— What to work on —
Could you restate the entries below word for word and leave out the pictures?

— Dataset entries —
+===+

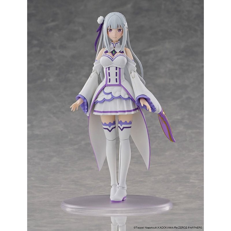 Emilia, the half-elf heroine from the Re:ZERO -Starting Life in Another World- TV anime series, joins the KADOKAWA PLASTIC MODEL SERIES!The DX Ver. is an extravagant set featuring two bodies: one with her outfit from the series and one with an original swimsuit!- The character's colorful design can be recreated with a simple assembly thanks to the color-coded runners and pre-colored parts. - The movable mechanisms designed for the character allow you to reproduce iconic poses, including ice magic-casting poses. - Four types of expression parts-smiling, shouting, angry, and smiling (mouth opened)-are included. - Optional parts such as an ice magic effect, ice sword, five types of hand parts, five types of swimsuit hand parts, and a display pedestal are included.*Nippers are required to assemble this product. *The images are of a painted prototype and differs from the actual product.Product Contents- 1 x Body - 1 x Swimsuit body - 4 x Facial expression parts types - 5 x Hand parts types - 5 x Swimsuit hand parts types - 1 x Ice magic effect - 1 x Ice sword - 1 x Display pedestal set
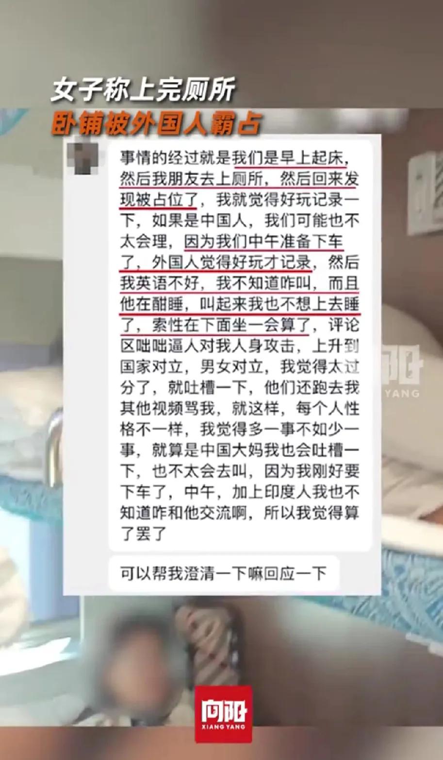 一女子称上完厕所卧铺被外国人霸占 本该同情她,合法权益被占,但是她跟谁也不说,只是自己默默拍了视频发网上。网上有人为她打抱不平,她却说只是吐槽。 谁知你是吐槽还是炫耀?英语不会,有手机翻译软件。乘务员,乘警都可以找啊。只要思想不滑坡,办法总比困难多。但自己抱着多一事不如少一事,将就了。这时候,就体现中国是礼仪之邦了? 当然,当事人都说将就了,我做为旁观者,我表示尊重。 也希望该女子,面对国人的时候,也能如此豁达宽容!
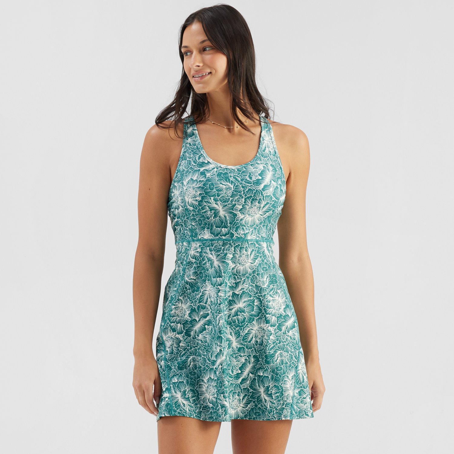 Dress up for the day with the Freely Women's Lola Dress. The polyester and spandex material provides a comfortable feel, while the removable cup pads offer support. The crisscross back detail delivers a stylish touch.
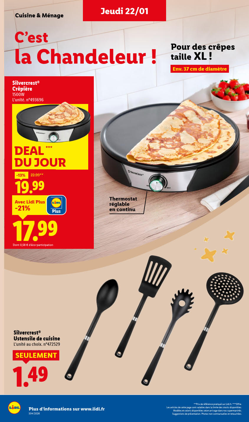 Dernières promotions et le catalogue de ⚡ Lidl valable au 28 janvier. Explorez le catalogue actuel de Lidl, valable jusqu'au 28 janvier.
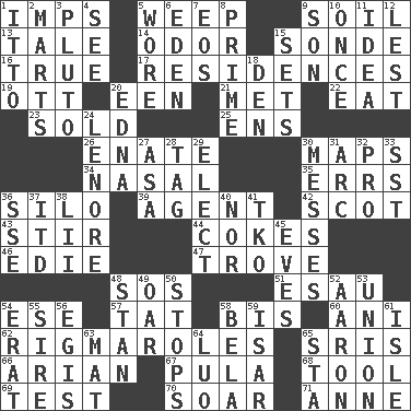 ACROSS 1. Naughty children 5. Shed a tear 9. The visible part of the earth's surface 13. Falsehood 14. Scent 15. Message 16. Loyal 17. Homes 19. Baseball player Mel 20. Car or cant ending 21. Was introduced to 22. Erode 23. Disposed of to a purchaser 25. Followers of ems 26. Maternal 30. Atlas contents 34. Relating to the nose 35. Blunders 36. Grain storage tower 39. Representative 42. Native of Scotland 43. Use a swizzle stick 44. Popular sodas 46. Singer Brickell 47. Collection of objects 48. Mayday 51. He sold his birthright 54. Compass dir. 57. Make lace 58. Twice 60. Black tropical American cuckoo 62. Complicated, petty procedures 65. Indian titles of respect 66. Believer in; advocate of (suffix) 67. Monetary unit of Botswana 68. Utensil 69. Trial 70. Fly high 71. Singer Murray DOWN 1. "Tell ____ the Marines!" 2. Shops 3. Mickey's pet 4. Perceive with the eye 5. Had on 6. Genesis locale 7. Greek goddess of the dawn 8. First class 9. Male child 10. Single time 11. The content of cognition 12. For fear that 15. Arranges properly for use 18. Lair 20. Pulitzer Prize-winning author Ferber 24. Poe poem 27. White ___ sheet 28. Label 29. Choose 30. Makes clutter 31. Curve 32. Adept person 33. Fast jet (abbr.) 36. Compass dir. 37. It would 38. Cards in a Roman deck? 40. Not either 41. Ring climax 45. Nights before holidays 48. Comedian Laurel of Laurel & Hardy 49. Boat paddle 50. Closes up, plugs up 52. Composer Copland 53. The state of being joined or united 54. Part of Q.E.F. 55. Father 56. The front part of a cuirass 58. Actor Lugosi 59. Austrian river, tributary to the Danube 61. Small island 63. Floor covering 64. Nilotic language 65. R.R. building

+===+

— Response to the exercise —
 Emilia, the half-elf heroine from the Re:ZERO -Starting Life in Another World- TV anime series, joins the KADOKAWA PLASTIC MODEL SERIES!The DX Ver. is an extravagant set featuring two bodies: one with her outfit from the series and one with an original swimsuit!- The character's colorful design can be recreated with a simple assembly thanks to the color-coded runners and pre-colored parts. - The movable mechanisms designed for the character allow you to reproduce iconic poses, including ice magic-casting poses. - Four types of expression parts-smiling, shouting, angry, and smiling (mouth opened)-are included. - Optional parts such as an ice magic effect, ice sword, five types of hand parts, five types of swimsuit hand parts, and a display pedestal are included.*Nippers are required to assemble this product. *The images are of a painted prototype and differs from the actual product.Product Contents- 1 x Body - 1 x Swimsuit body - 4 x Facial expression parts types - 5 x Hand parts types - 5 x Swimsuit hand parts types - 1 x Ice magic effect - 1 x Ice sword - 1 x Display pedestal set
 一女子称上完厕所卧铺被外国人霸占 本该同情她,合法权益被占,但是她跟谁也不说,只是自己默默拍了视频发网上。网上有人为她打抱不平,她却说只是吐槽。 谁知你是吐槽还是炫耀?英语不会,有手机翻译软件。乘务员,乘警都可以找啊。只要思想不滑坡,办法总比困难多。但自己抱着多一事不如少一事,将就了。这时候,就体现中国是礼仪之邦了? 当然,当事人都说将就了,我做为旁观者,我表示尊重。 也希望该女子,面对国人的时候,也能如此豁达宽容!
 Dress up for the day with the Freely Women's Lola Dress. The polyester and spandex material provides a comfortable feel, while the removable cup pads offer support. The crisscross back detail delivers a stylish touch.
 Dernières promotions et le catalogue de ⚡ Lidl valable au 28 janvier. Explorez le catalogue actuel de Lidl, valable jusqu'au 28 janvier.
 ACROSS 1. Naughty children 5. Shed a tear 9. The visible part of the earth's surface 13. Falsehood 14. Scent 15. Message 16. Loyal 17. Homes 19. Baseball player Mel 20. Car or cant ending 21. Was introduced to 22. Erode 23. Disposed of to a purchaser 25. Followers of ems 26. Maternal 30. Atlas contents 34. Relating to the nose 35. Blunders 36. Grain storage tower 39. Representative 42. Native of Scotland 43. Use a swizzle stick 44. Popular sodas 46. Singer Brickell 47. Collection of objects 48. Mayday 51. He sold his birthright 54. Compass dir. 57. Make lace 58. Twice 60. Black tropical American cuckoo 62. Complicated, petty procedures 65. Indian titles of respect 66. Believer in; advocate of (suffix) 67. Monetary unit of Botswana 68. Utensil 69. Trial 70. Fly high 71. Singer Murray DOWN 1. "Tell ____ the Marines!" 2. Shops 3. Mickey's pet 4. Perceive with the eye 5. Had on 6. Genesis locale 7. Greek goddess of the dawn 8. First class 9. Male child 10. Single time 11. The content of cognition 12. For fear that 15. Arranges properly for use 18. Lair 20. Pulitzer Prize-winning author Ferber 24. Poe poem 27. White ___ sheet 28. Label 29. Choose 30. Makes clutter 31. Curve 32. Adept person 33. Fast jet (abbr.) 36. Compass dir. 37. It would 38. Cards in a Roman deck? 40. Not either 41. Ring climax 45. Nights before holidays 48. Comedian Laurel of Laurel & Hardy 49. Boat paddle 50. Closes up, plugs up 52. Composer Copland 53. The state of being joined or united 54. Part of Q.E.F. 55. Father 56. The front part of a cuirass 58. Actor Lugosi 59. Austrian river, tributary to the Danube 61. Small island 63. Floor covering 64. Nilotic language 65. R.R. building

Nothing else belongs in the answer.